Les anciens maîtres mineurs de la mine d'argent d'Allemond, de la mine de plomb de Pesey, de la mine de cuivre de Chessy, des mines de Servoz, étaient tyroliens. Celui de Saint-Bel et Chessy près Lyon, de Chabrignac et d'Argentac, département de la Corrèze; celui du Lardin, mon élève; celui des mines de lignites d'Oriol et des Martigues près Marseille, ainsi que celui de Fréjus, département du Var, sont tous Tyroliens.

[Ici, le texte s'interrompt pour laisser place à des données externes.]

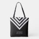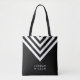 Saco de tota minimalista moderno, com design geométrico branco de chevron contra fundo preto, que você pode personalizar com seu nome. Excelente como presentes para a família e amigos ou para você mesmo. Personalize-o substituindo o texto do marcador de posição. Para obter mais opções, como alterar a fonte e seu tamanho, clique no botão "Personalizar". *Observe que a Marca d'água do Zazzle que aparece na visualização de zoom NÃO aparecerá no produto impresso final. © Rosewood e Citrus

Je ne puis trop les recommander à mes confrères; leurs journées varient, suivant la cherté des vivres, depuis 2f jusqu'à 2 f 50c:

mais ils prennent volontiers des prix faits ou des parties d'ouvrages à l'entreprise, et dans ce cas ils portent leurs journées jusqu'à 3 alors ils travaillent plus de huit heures. Les maîtres mineurs gagnent de huit à douze cents francs par an.

Les mineurs piémontais sont de forts travailleurs quand ils sont à leurs pièces; mais ils sont sans instruction et nous apportent un si mauvais moral et de si mauvaises mœurs, qu'il est dangereux de les introduire dans un atelier où l'on doit avoir à cœur de maintenir la paix et la discipline. Leurs camarades se plaignent de leur manque de probité, ils se battent entre eux à chaque instant, se sauvent sans payer, et sont en général de fort mauvais sujets; j'ai eu tant à m'en plaindre personnellement et j'ai entendu porter tant de plaintes sur leur compte, que j'ai résolu de ne jamais en employer,

Du travail à la journée, et du travail à prix fait.

Il y a deux manières de faire travailler aux mines, à la journée et à la tâche. Il n'est pas toujours possible de donner le travail à l'entreprise, surtout quand on ne fait que commencer et que l'ouvrage n'est pas encore régulier; car il se passe presque toujours plusieurs semaines de mise en train, pendant lesquelles on ne peut travailler qu'à la journée; néanmoins, aussitôt que la chose est de

venue possible, je conseille fortement d'adopter le travail à la tâche ; car il avance toujours beaucoup plus vite qu'à la journée, et quoique l'ouvrier gagne réellement davantage, l'ouvrage ne revient point à un prix plus élevé, parce que l'ouvrier travaille plus fort qu'à la journée.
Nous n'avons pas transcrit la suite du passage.